To ensure smooth and reliable operations, we implemented robust operational practices. Azure Data Factory pipelines included retries and alerts, while audit-driven backfills and schema evolution patterns helped maintain continuity and correctness during ingestion. This approach minimized downtime and ensured that any transient failures were automatically handled.
From a security perspective, we enforced strict access controls using Unity Catalog grants and Azure AD SSO. Sensitive fields were masked, and partner-specific RLS policies were applied to Gold-level marts, ensuring that each user could only access authorized data.
Data quality was a key focus. We implemented reconciliation checks between layers, freshness monitoring, and formal data contracts for critical feeds, guaranteeing that data was accurate, complete, and trustworthy for both internal analytics and partner reporting.

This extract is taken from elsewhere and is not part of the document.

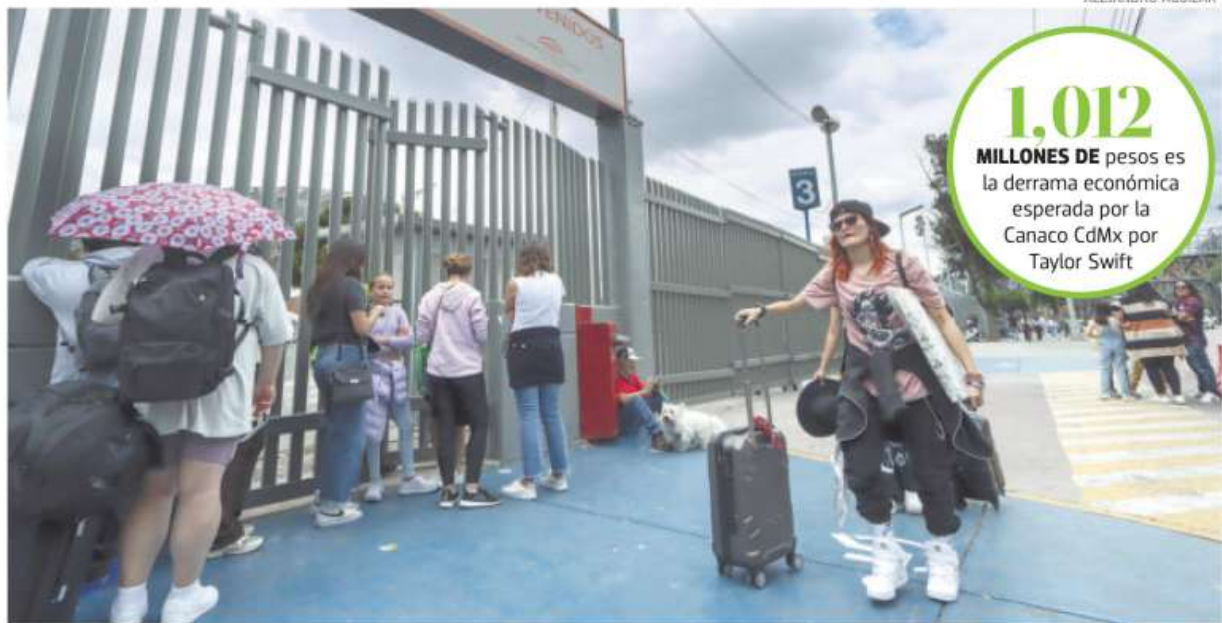
Hoteles cercanos al Foro Sol reportan que no tienen disponibilidad de habitaciones

"Es un evento único, sólo va a tocar en tres países de América Latina, y esto trae gente de todo el mundo, de América, Centroamérica y Estados Unidos", comentó.

Finally, performance and cost efficiency were optimized through pre-aggregations for frequent queries, bounded defaults to limit resource consumption, and cluster policy enforcement. Lineage dashboards allowed us to track downstream impacts of changes, making maintenance predictable and enabling cost-effective scaling.

Tech Stack

Data Sources:

POS/ERP systems, inventory/catalog databases, eCommerce/web/app platforms, and support/customer service systems.

Ingestion:

Azure Data Factory (ADF) pipelines for batch processing
Event Hub/Kafka streams for real-time feeds, and dead-letter queues for reliable error handling.

Storage / Lakehouse:

Azure Data Lake Storage (ADLS) for raw and Bronze layers
Databricks for Delta Silver and Gold layers, all managed under Unity Catalog for governance.

Orchestration:

ADF pipelines for ingestion orchestration
Databricks Jobs for model execution and transformations.

Transformation / Modeling:

Delta Live Tables (DLT) for Bronze streaming
Databricks Jobs for Silver-to-Gold transformations
Reusable medallion patterns/templates for common retail entities.

Serving / Consumption:

Power BI and Looker for analytics and reporting

Governance / Security:

Azure AD SSO for authentication
Unity Catalog policies and tags for access control
data masking for sensitive fields.

Observability / Quality:

ADF monitoring dashboards, audit tables, reconciliation/freshness checks
Lineage tracking to ensure data reliability and transparency.

DevOps / CI-CD:

Repo-backed notebooks and jobs, environment promotion processes, and a template library for consistent deployments.

FinOps / Cost Management:

Cluster policies, job concurrency controls, and cost telemetry to optimize resource usage and reduce operational expenses.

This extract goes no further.